As industrial production contracted for the first quarter of this financial year, a survey by CII-Ascon presented a further gloomy picture for factory output in the second quarter of 2012-13. It blamed the high interest regime, the deficient monsoon and inflation, among other factors, for the apprehension over slackening industrial performance in July-September 2012-13.
The survey showed of the 103 sectors covered, those expecting more than 20 per cent rise in production (excellent growth) in the second quarter this year, declined sharply to 3.8 per cent, against 23.8 per cent in the corresponding period of 2011-12. As many as 8.4 per cent of those surveyed had expected excellent growth in the first quarter this financial year, against 20.7 per cent in Q1 of 2011-12.

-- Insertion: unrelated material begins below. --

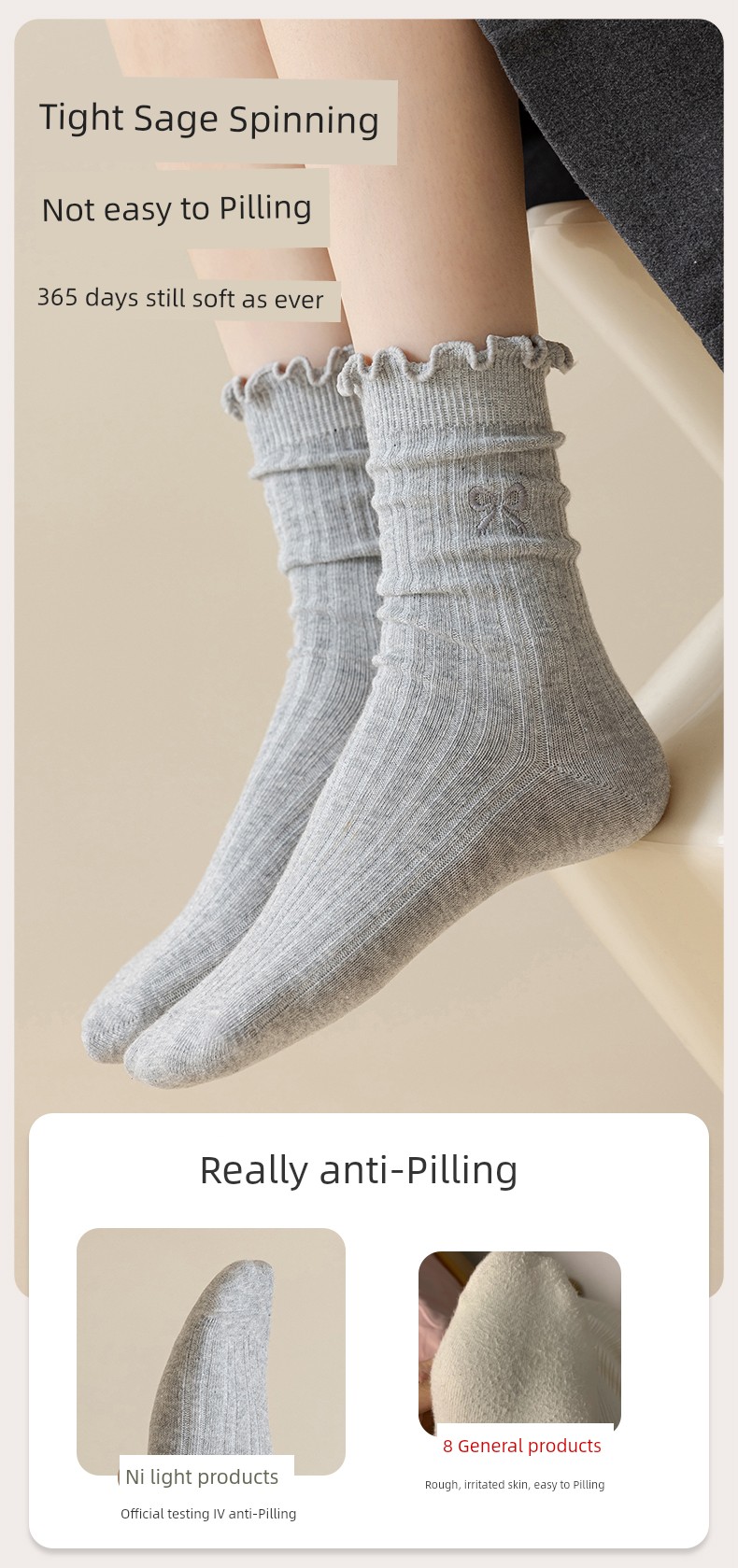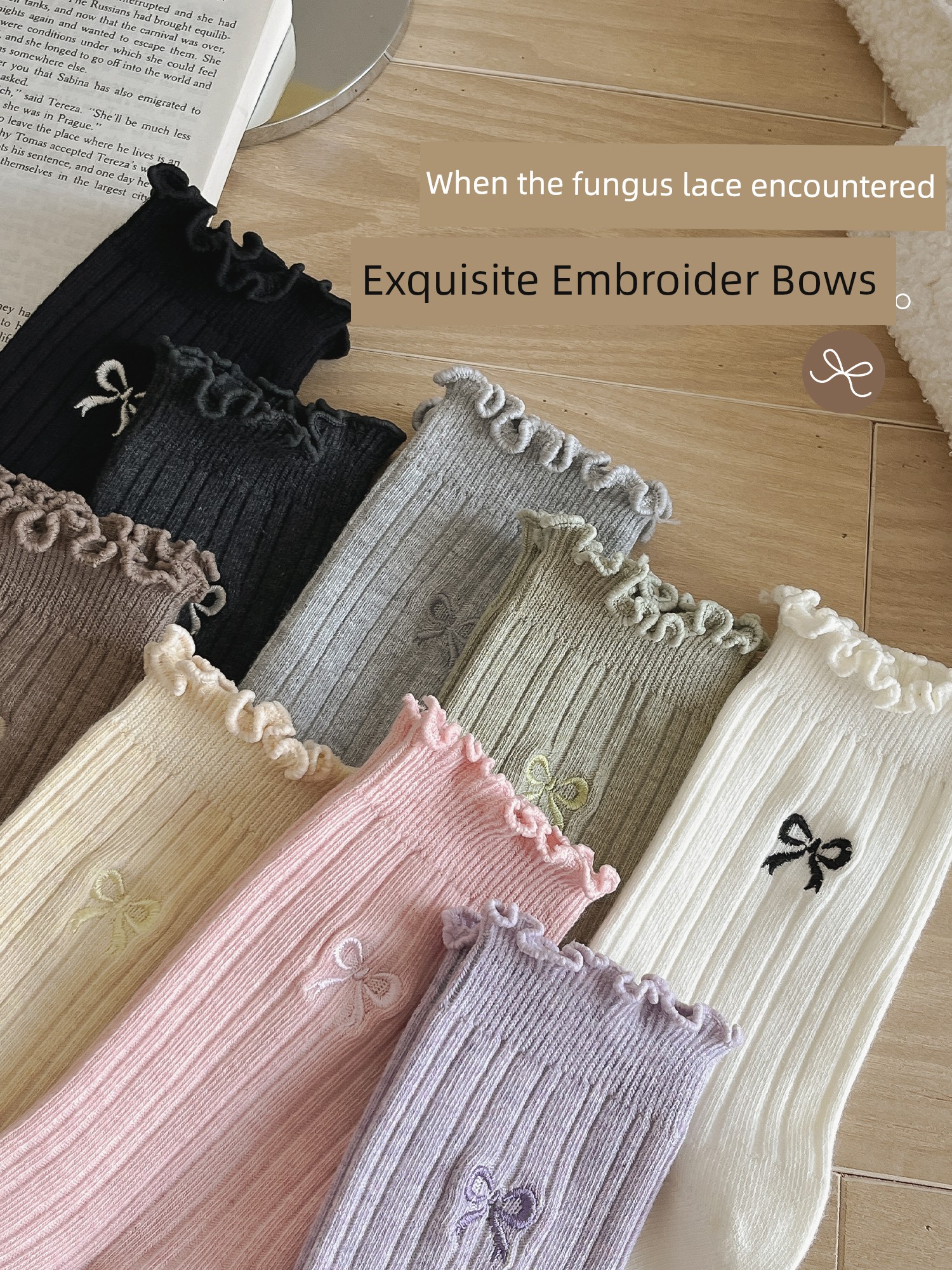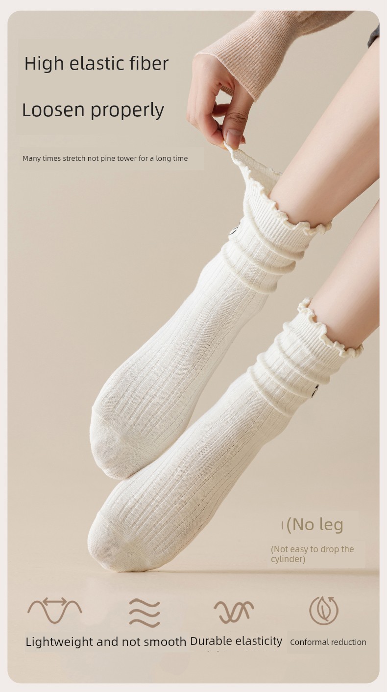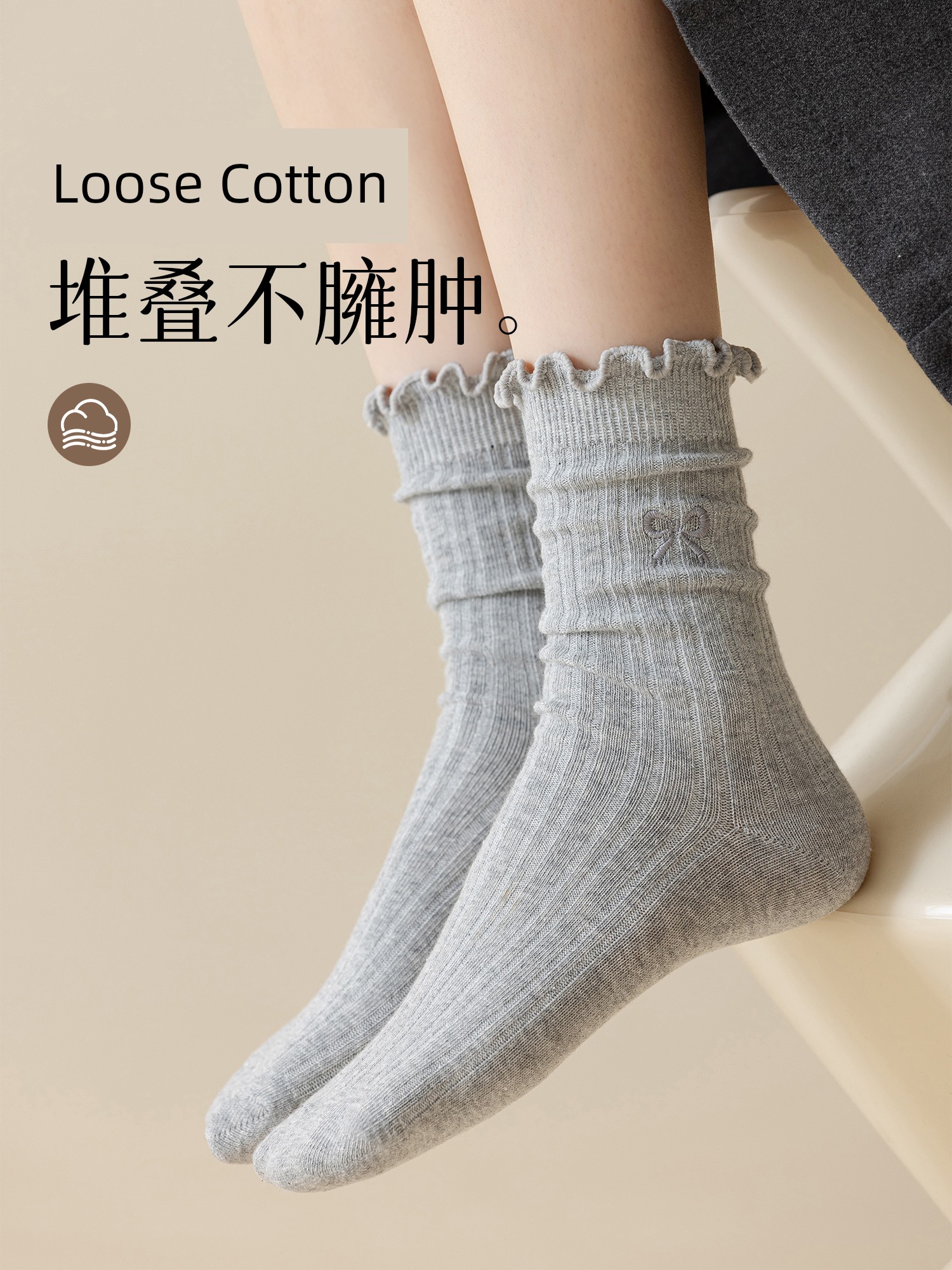 热卖灰色蝴蝶结袜子女秋季薄款中筒袜纯棉袜2025新款miu系花边堆堆袜

Similarly, the sectors expecting low growth (0-10 per cent in production) in the July-September period of 2012-13 expanded to 51.4 per cent from 44.7 per cent in the corresponding period of last fiscal. Those expecting low growth stood at 51 per cent in the first quarter, against 42.2 per cent in April-June 2011-12.

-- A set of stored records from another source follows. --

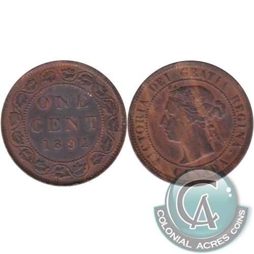 1891 Small Leaves, Small Date Obverse 2 Canada 1-cent F-VF (F-15)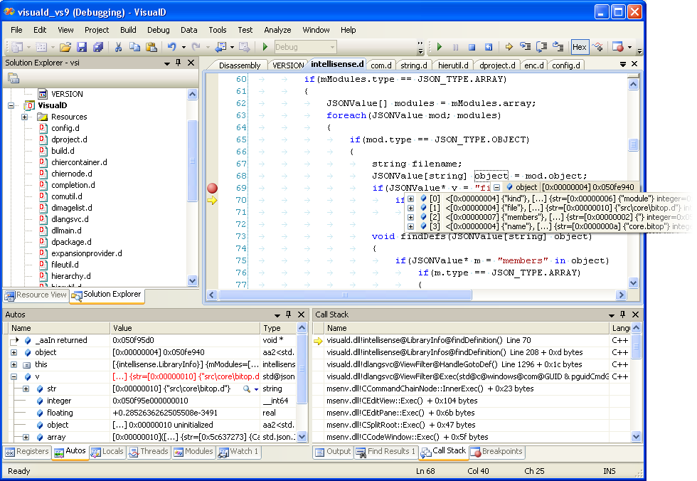 As of version 0.3.16 Visual D comes with the option to install the Mago debugger. This debug engine is dedicated to the D programming language and avoids the work-arounds needed when using the native debug engine. It also features D specific expressions like dynamic array slicing.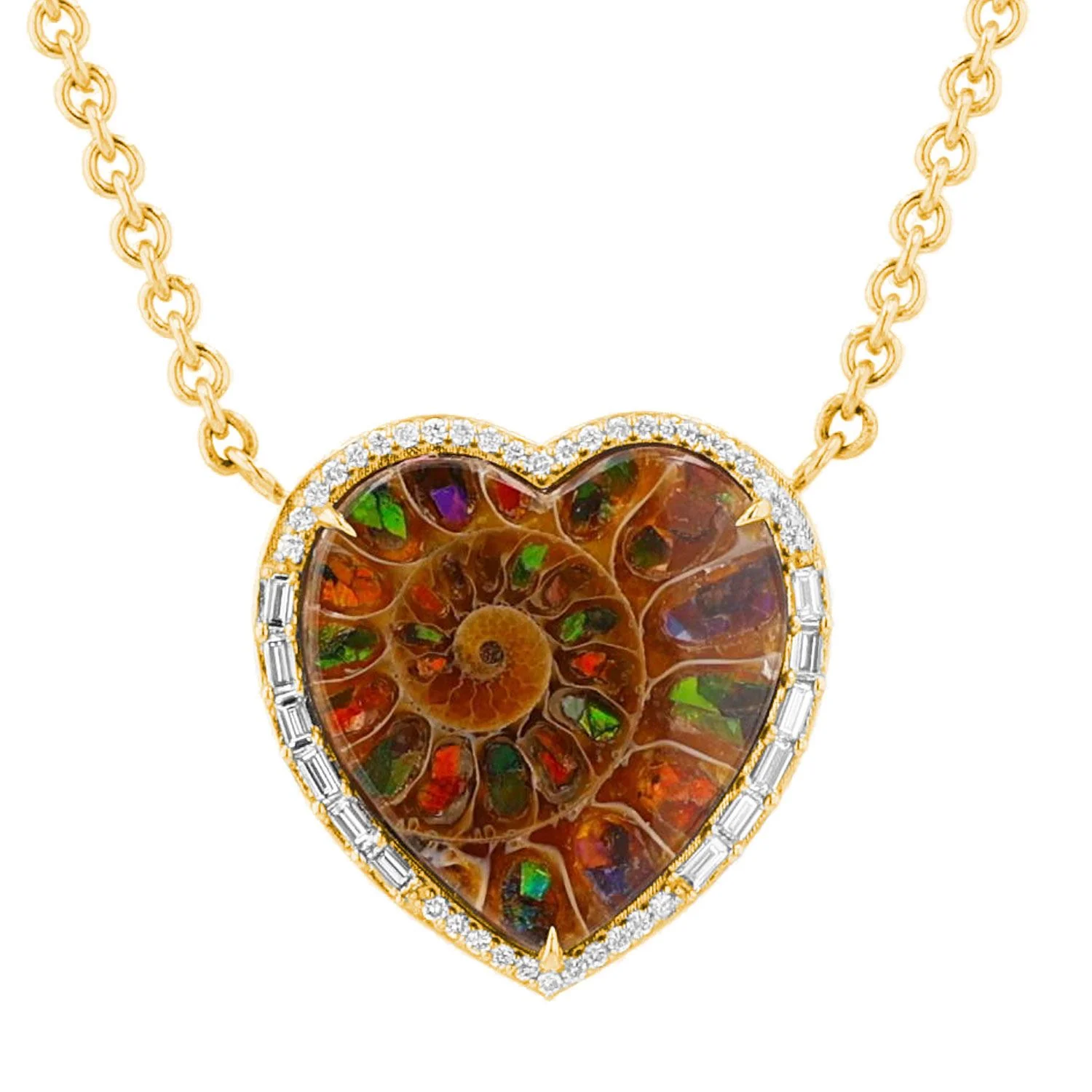 14k Gold Ammonite Heart Pendant on Cable Chain - One of a Kind
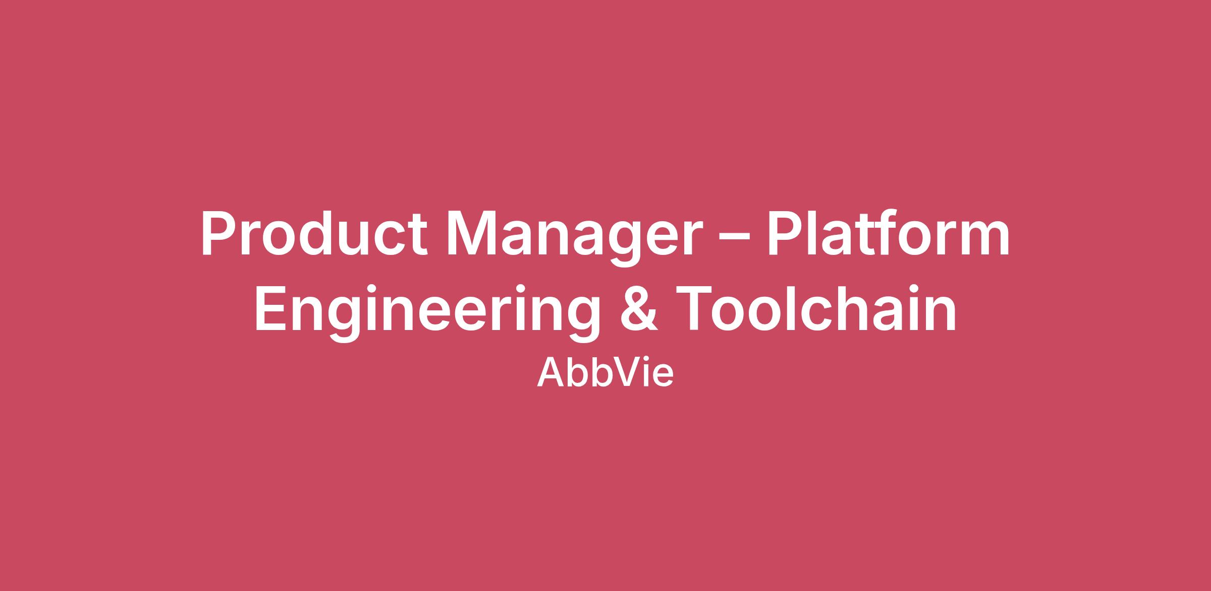 Company DescriptionAbout AbbVieAbbVie's mission is to discover and deliver innovative medicines and solutions that solve serious health issues today and address the medical challenges of tomorrow. We strive to have a remarkable impact on people's lives across several key therapeutic areas including immunology, oncology and neuroscience - and products and services in our Allergan Aesthetics portfolio. For more information about AbbVie, please visit us at www.abbvie.com. Follow @abbvie on LinkedIn, Facebook, Instagram, X and YouTube.Job DescriptionAbbVie’s Business Technology Solutions (BTS) Infrastructure, Architecture, and Innovation group is seeking a Product Manager with experience in Platform Engineering and Developer Experience, Internal Developer Toolchains and DevOps. This role supports product strategy, design and planning for multiple internal platform products that enable secure, compliant, scalable, and high-velocity software delivery across BTS. You contribute to internal platform products using product management best practices, embedding reliability, security, and compliance as differentiated capabilities while improving developer experience, operational efficiency, and time to value. Key Responsibilities: Facilitate outcome‑oriented alignment across business, engineering, and BTO stakeholders for a suite of Platform Engineering and Internal Developer Toolchain products, ensuring enterprise requirements (security, compliance, reliability, cost) are delivered as built-in platform value. Champion end-to-end product management from user research, discovery and ideation through launch, adoption, and continuous optimization of internal platforms. Own platform capabilities such as CI/CD pipelines, developer portals, artifact management, and observability. Treat compliance, security, and operational controls as first-class product features, embedding them directly into platforms and pipelines. Participate in user research, journey mapping, stakeholder engagement, and market analysis to drive platform product decisions. Focus engineering teams on the why. Own business outcomes and user problems, not solutions—deeply understand developer pain points before prescribing platform features. Work closely with Engineering, Security, Architecture, Legal, and Compliance teams to deliver platforms that are compliant-by-design, scalable, and reusable. Use data analytics, KPIs, and OKRs to measure product success, guide prioritization, and drive evidence-based, customer-centric decisions. Manage and refine backlog items: define epics and features, ensure clarity of requirements, and enable timely outcomes delivery using Agile (Scrum, Kanban) and Lean practices. Collaborate with other Product Managers to align platform strategies, manage interdependencies, and deliver a cohesive internal developer ecosystem. Guide cross-functional teams in delivering platform standards, paved roads, and self-service capabilities that accelerate product team delivery. Proactively monitor DevOps, Platform Engineering, cloud, and AI trends to ensure platform relevance, sustainability, and innovation. Facilitate outcome-oriented alignment across business, engineering, and BTO stakeholders, clearly communicating strategy, trade-offs, and progress. QualificationsRequired:Bachelor’s Degree with 7 years’ experience, master’s degree with 6 years’ experience, PhD and 2 years’ experience.Proven experience as a Product Manager contributing to platform, infrastructure, or internal developer-facing products. Knowledge of Agile product management, product discovery frameworks (Lean, Dual-Track Agile, Jobs-To-Be-Done Framework, Continuous Discovery), and outcome-based roadmapping. Strong understanding of Platform Engineering, DevOps, CI/CD, cloud platforms, infrastructure-as-code, and developer experience. Prior hands-on engineering experience or deep technical background in software delivery. Experience working with cross-disciplinary teams including Engineering, SRE, Security, and Architecture. Proven ability to engage engineering teams as a technical peer—can discuss architectural trade-offs, evaluate technical debt, and contribute to design discussions. Strong analytical, user empathy, and stakeholder management skills. Excellent communicator able to build trust, influence without authority, and align teams in a complex, matrixed enterprise environment. Preferred: Experience in regulated industries (pharma, healthcare, finance) with familiarity in GxP, SOX, GDPR, or similar frameworks. Hands-on exposure to Platform Engineering models (internal developer platforms, golden paths, paved roads). Experience delivering Compliance-as-a-Platform or Security-as-a-Platform capabilities. Background working closely with Cloud Engineering, SRE, or DevOps organizations. Ability to manage competing priorities and navigate ambiguity while driving business outcomes Why This Role Matters This role directly enables faster, safer, and more reliable delivery of digital products across AbbVie. By treating platform capabilities as products, the Product Manager will improve developer productivity, reduce operational and compliance risk, and scale engineering excellence across the enterprise. Additional InformationApplicable only to applicants applying to a position in any location with pay disclosure requirements under state or local law: The compensation range described below is the range of possible base pay compensation that the Company believes in good faith it will pay for this role at the time of this posting based on the job grade for this position. Individual compensation paid within this range will depend on many factors including geographic location, and we may ultimately pay more or less than the posted range. This range may be modified in the future. We offer a comprehensive package of benefits including paid time off (vacation, holidays, sick), medical/dental/vision insurance and 401(k) to eligible employees.This job

The sectors expecting negative growth rose to 15.6 per cent in the second quarter this year from 10.6 per cent in the corresponding period last year. In the first quarter of this fiscal, 25 per cent of the sectors surveyed had expected to see decline in production growth against 5.2 per cent in the first three months of last fiscal. The sectors expecting low or negative growth outlook include capital goods sectors like earth moving & construction equipment, electric motors, transmission line towers, multi-purpose vehicles (Vans), transformers, textile machinery, distribution transformers, hydro electricity, and tractors, which will have a great bearing on the growth of related sectors, ranging from agriculture, real estate to electricity, the survey said.
Capital goods production declined over 27 per cent in June and more than 19 per cent in the first quarter of this fiscal, according to official data.
Consumer goods sectors like sunflower oil, mustard oil, soya oil, air conditioners, TV, passenger cars are also expected to record low or negative growth performance during the current quarter, indicating weakening consumer demand too.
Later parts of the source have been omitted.